The first building block is to continue driving recurring revenue, thanks to the compounding nature of our AUA and resilient realized revenue margin, which we covered on the previous two pages. The second building block is the operating leverage in our cost base, which can be broadly categorized into 3 buckets. First of all, the effectiveness of discretionary marketing budget deployment. As already highlighted earlier, we were able to achieve more with less this year by spending almost half the marketing budget, while achieving stronger gross inflows in the first half of the year. Second, the scalability of our technology platform. Our technology platform cost is a key contributor to driving operating leverage and achieving year-end profitability. The scalability of the technology platform is underscored by the fact that technology platform expenditures only grew circa 10%, while revenue grew by more than 30% year-on-year.
Third, money manager costs, which are variable in nature and currently at circa 15% of revenue, at the lower end of our expected 15%-20% range.
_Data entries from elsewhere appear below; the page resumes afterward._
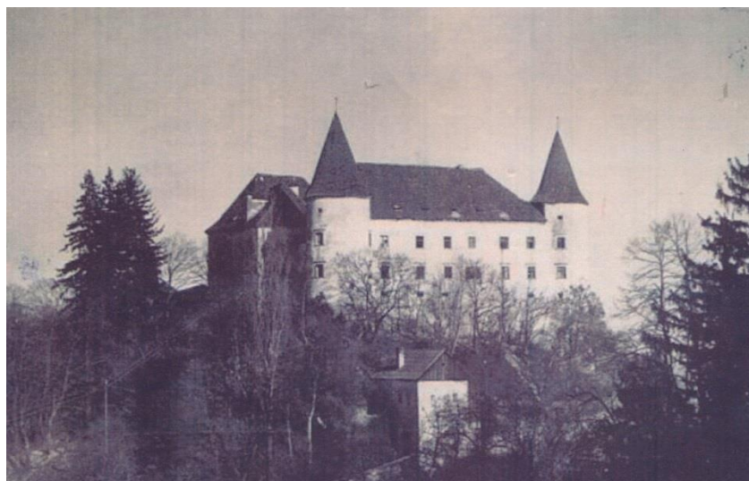
Bizeljski grad (razglednica je vzeta iz interneta).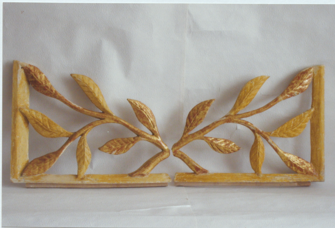
11. Centrālās daļas apakšējais kokgriezums pēc pārkrāsojumu noņemšanas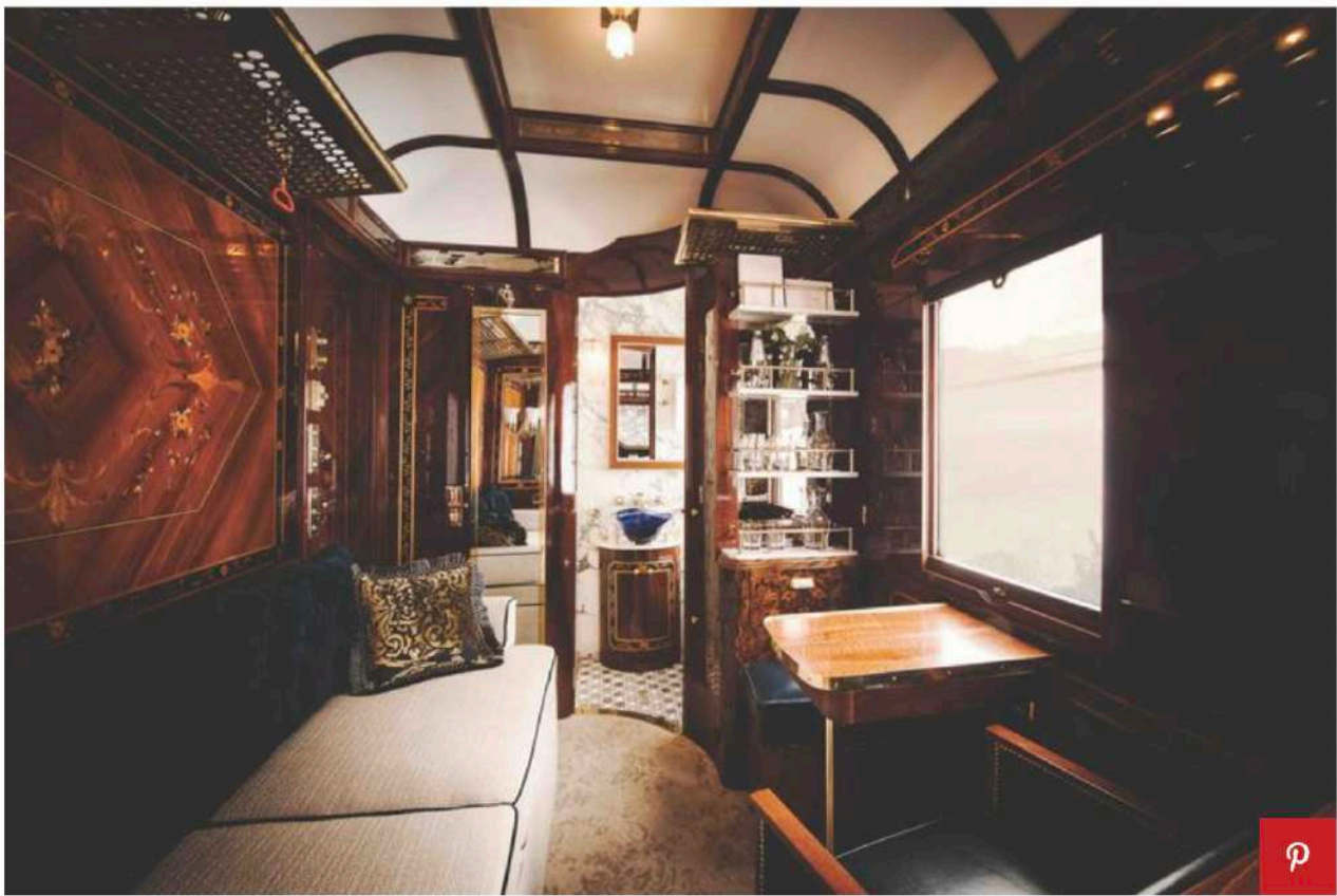
Venice Simplon Orient Express

Mezzo di trasporto prediletto dal jet set internazionale, in particolare nei primi del Novecento, il treno onora la sua aura leggendaria ma la rinverdisce con nuovi itinerari e allestimenti . Scoprire l'Europa nascosta, sulle orme dei mitici Grand Tour di una volta: è questo l'intento dei viaggi proposti a partire da quest'estate, che attraversano l'Italia, la Svizzera, il Belgio e i Paesi Bassi, in aggiunta alle tappe immancabili di Parigi e Londra.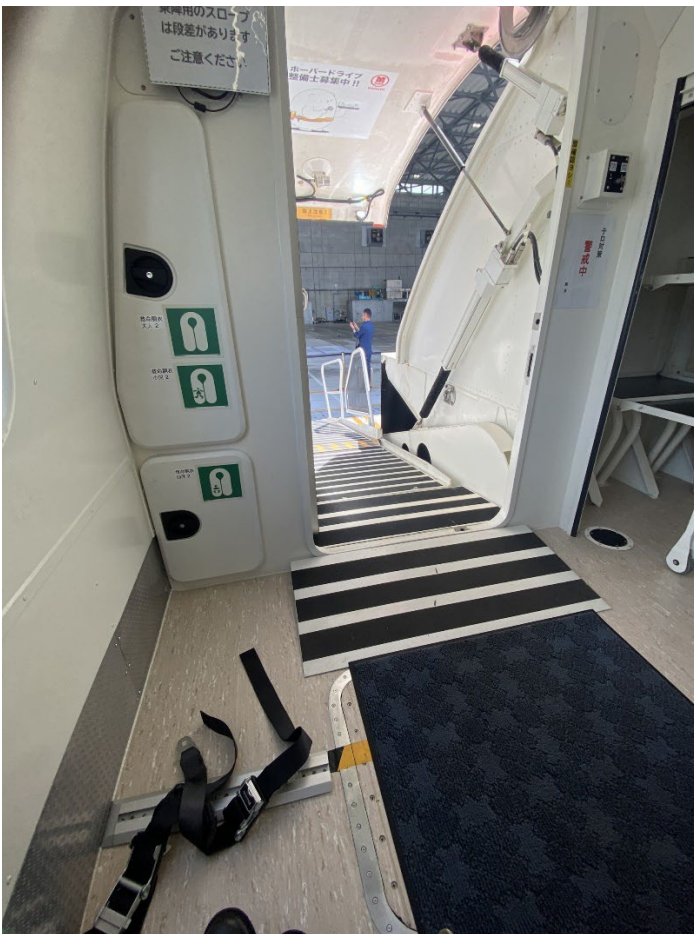
写真：ホーバークラフトの内側からみた搭乗口スロープ。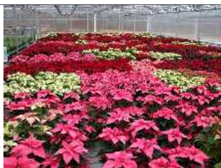
Slika 12. Komercijalni uzgoj zaraženih biljaka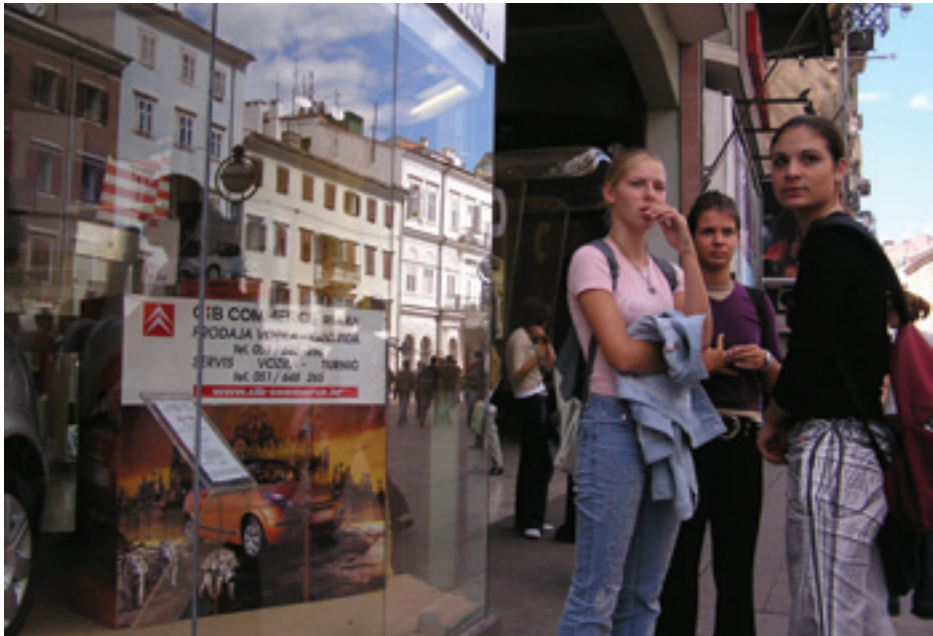
Fig. 8. Korzo, 2006

The popular cafés are, in fact, predominantly located in the central city area, and quite a number of them exist amid the colors and the sounds of numerous shops and stores located in the central pedestrian zone, in the street named Korzo. Korzo is the best attended part of the town, especially during the day. Even though he viewed it from the crowd, Dokmanović captured the atmosphere through details, as in the picture he took of a group of young people standing in front of a department store, bearing the name of the street: Korzo. The reflections in the shop windows reveal the crowded atmosphere surrounding the group: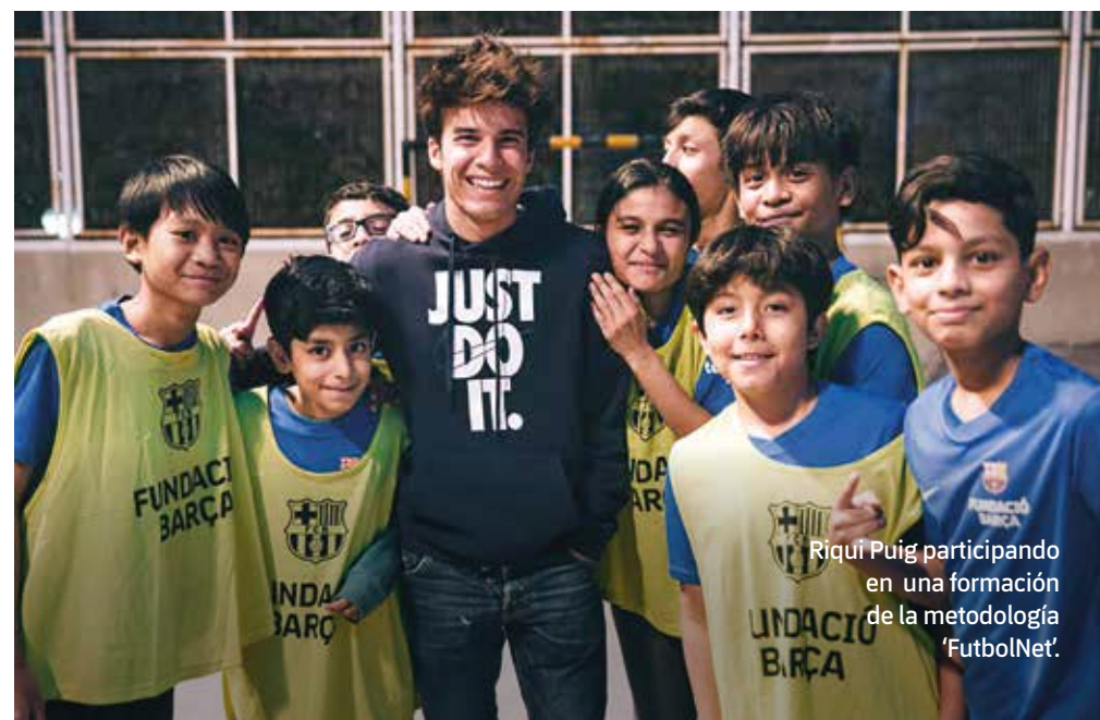
Riqui Puig participando en una formación de la metodología 'FutbolNet'.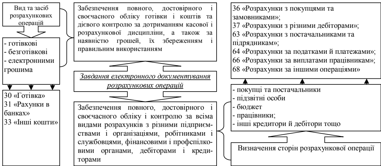
Рис. 3. Організація системної обробки інформації з обліку розрахункових операцій

An outcome which we expect will continue for the rest of the year. Our scalable cost base, therefore, places us in a strong position to achieve our profitability objective, while pursuing our growth opportunity in the vast markets of defined contribution pensions. A word on our balance sheet. We have a strong cash position as of June, as we recorded GBP 14 million in cash, with much more cash utilization expected for H2, as we very close to achieve our profitability milestone by the end of 2023. I will now hand back to Romi to conclude on our trading update with our guidance, investment highlights, and third updates.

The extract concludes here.